Code Review

Pattern

A reusable solution you can apply to your work.

“Ask a programmer to review ten lines of code, he’ll find ten issues. Ask him to review five hundred lines and he’ll say it looks good.” — Giray Ozil

Code review is the practice of having someone other than the author examine code changes before they merge. It catches defects, enforces standards, and spreads knowledge across the team.

Also known as: Peer Review, Pull Request Review, Change Review

Understand This First

Test – tests verify behavior mechanically; reviews verify intent and design.
Coding Convention – conventions give reviewers a shared standard to check against.
Acceptance Criteria – criteria define what “done” means for the change under review.

You’re working on a team where multiple people (or agents) contribute code to the same codebase. Changes land frequently, and each one carries risk: it might introduce a bug, violate a design convention, duplicate existing functionality, or solve the wrong problem entirely. This is a tactical pattern, applied at the point where new code meets the existing system.

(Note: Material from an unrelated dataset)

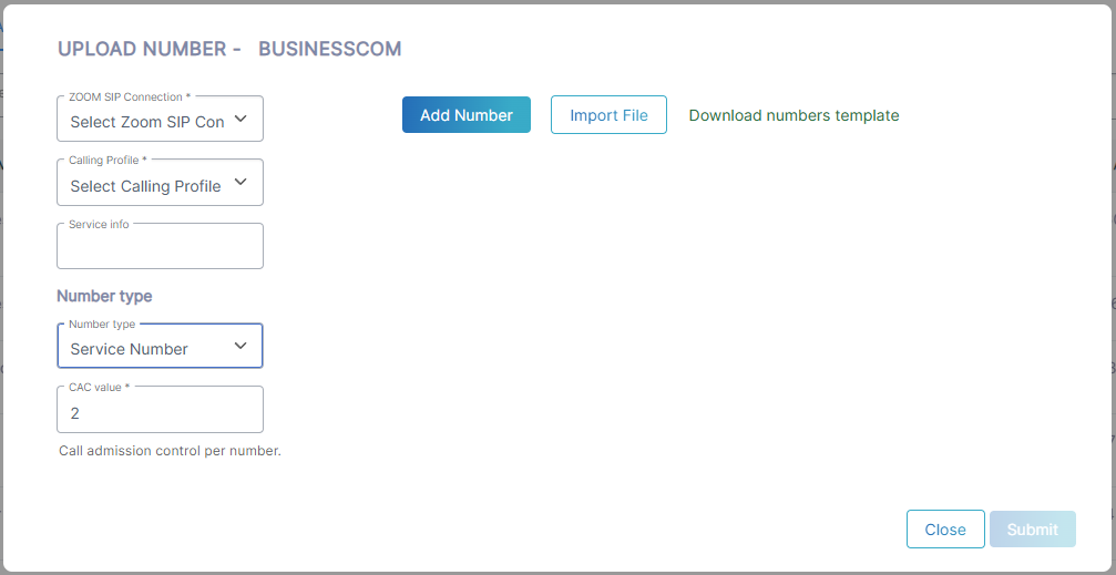 This procedure describes how to upload numbers to the Zoom service directly from the Live Platform Management portal.

Code review sits at the intersection of Testing and human judgment. Tests verify what the machine can check. Reviews verify what tests can’t: that the code does what the team intended, that it fits the system’s Architecture, that it handles cases the author didn’t think of, and that a future reader will be able to follow it.

Problem

The author of a piece of code is the worst person to evaluate it. They know what they meant, so they read what they meant rather than what they wrote. Errors that would be obvious to a fresh reader slip past because the author’s mental model fills in the gaps. How do you catch the defects, design problems, and misunderstandings that the author can’t see?

Forces

The author’s familiarity with the change blinds them to its flaws.
Tests catch behavioral bugs but miss design problems, naming confusion, and duplicated logic.
Thorough reviews take time, and every hour spent reviewing is an hour not spent building.
Large changes are harder to review well. Reviewers lose concentration and start rubber-stamping.
Knowledge about the codebase concentrates in whoever wrote a given module, creating a single point of failure when that person leaves.

Solution

Require every code change to be examined by at least one person who didn’t write it before it merges into the shared codebase.

The reviewer reads the diff with a specific focus: does this change do what it claims? Does it introduce risk the author may not have seen? Does it follow the team’s conventions? Could a future reader understand it without the author’s context?

Keep changes small. A diff under 200 lines gets a thorough reading; a diff over 500 lines gets a skim at best. If a feature is too large for a single reviewable change, break it into stacked or sequential pull requests that each make sense on their own. Review for intent before style. Does the change solve the right problem? Only after that question is settled does it matter whether the variable names are consistent. Write comments that teach. A review isn’t a list of demands. Explain why something matters, not just what should change.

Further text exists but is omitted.